Предыдущая глава |
↓ Содержание ↓
↑ Свернуть ↑
|
В Леостон добрались, когда уже стемнело. Фиби засыпала на ходу, Эдриан держался из последних сил. Тетя Мэри и Лавиния вели их под руки, а позади горничная, Филис, тащила чемоданы. Не было сил даже смотреть по сторонам, покуда в экипаже ехали до гостиницы. Есть тоже совершенно не хотелось, и сил думать о сегодняшней встрече не было. Сон пришел, едва голова коснулась подушки на кровати в номере, куда их поселили.
....Ее разбудило дуновение свежего морского ветерка из окна, остававшегося полуоткрытым.
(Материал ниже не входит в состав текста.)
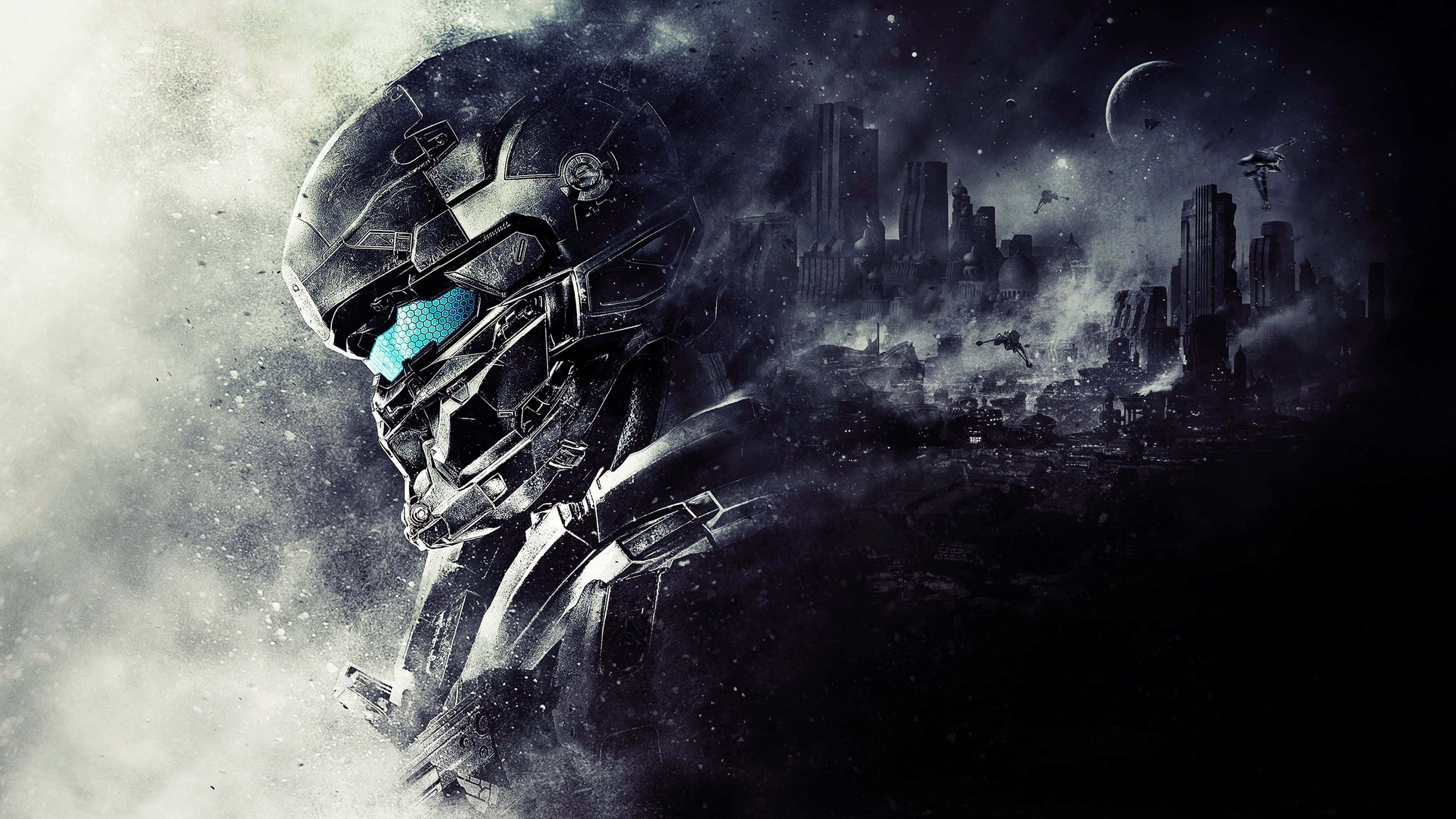 Cool Halo Soldier With Robot Airships Wallpaper -

Сев на постели, Лавиния некоторое время с немым восторгом наблюдала восход: белый, нестерпимо горящий шар медленно поднимался из-за горизонта в светлое небо. "Наверное, еще очень рано". Но спать больше не хотелось, и девушка, быстро и бесшумно приведя себя в порядок, надела утреннее платье и через окружавшую отель веранду, увитую виноградом — она успела, побывав здесь несколько раз, изучить устройство здания — вышла в роскошный тропический сад.
Утренняя свежесть здесь пахла одновременно морской солью, апельсинами и розами. Лепестки роз в самом деле усеивали небольшую лужайку у выхода, а сами цветы, алые и белые, покачивались от легкого ветерка над головой: декоративная решетка вся была увита зелеными стеблями и усеяна цветами. Лавиния, засмеявшись, опустилась на колени: ей вдруг захотелось зачерпнуть лепестки в горсть. Несмотря на то, что вовсю щебетали птицы, ощущалась удивительная тишина — такая, что хотелось лишь благоговейно вдохнуть и более не нарушать даже звуком своего дыхания эту гармонию молчания и пения. Некоторое время Лавиния смотрела на открывшуюся ей удивительную картину — алые и белые нежнейшие лепестки, как брызги, на черной земле, рядом с белой тканью ее платья — потом подняла руку с лепестками над головой и стала, смеясь, сыпать себе на лицо: ей хотелось ощутить нежность цветов в полной мере. И вдруг она спиной почувствовала, что кто-то стоит рядом, и теплая рука смахнула лепестки с ее лица, и потом очень нежным движением поставила на ноги.
Перед ней был Эдмунд.
Лавиния смущенно опустила глаза: стало неловко за сцену в поезде и за то, что он застал ее в минуту, когда она, в общем, дурачилась — а еще потому, что от его прикосновения вдруг стало горячо у сердца. Она высвободилась, отступила на шаг, поздоровалась, извинилась за вчерашнее. Эдмунд расслабленно кивнул, прислонившись к увитой розами белой решетке. Небрежно оглядел Лавинию с головы до ног.
— Знаете, в вашем наряде кое-чего не хватает...
Обернувшись, он сильным и быстрым движением сорвал разом три розы и протянул ей.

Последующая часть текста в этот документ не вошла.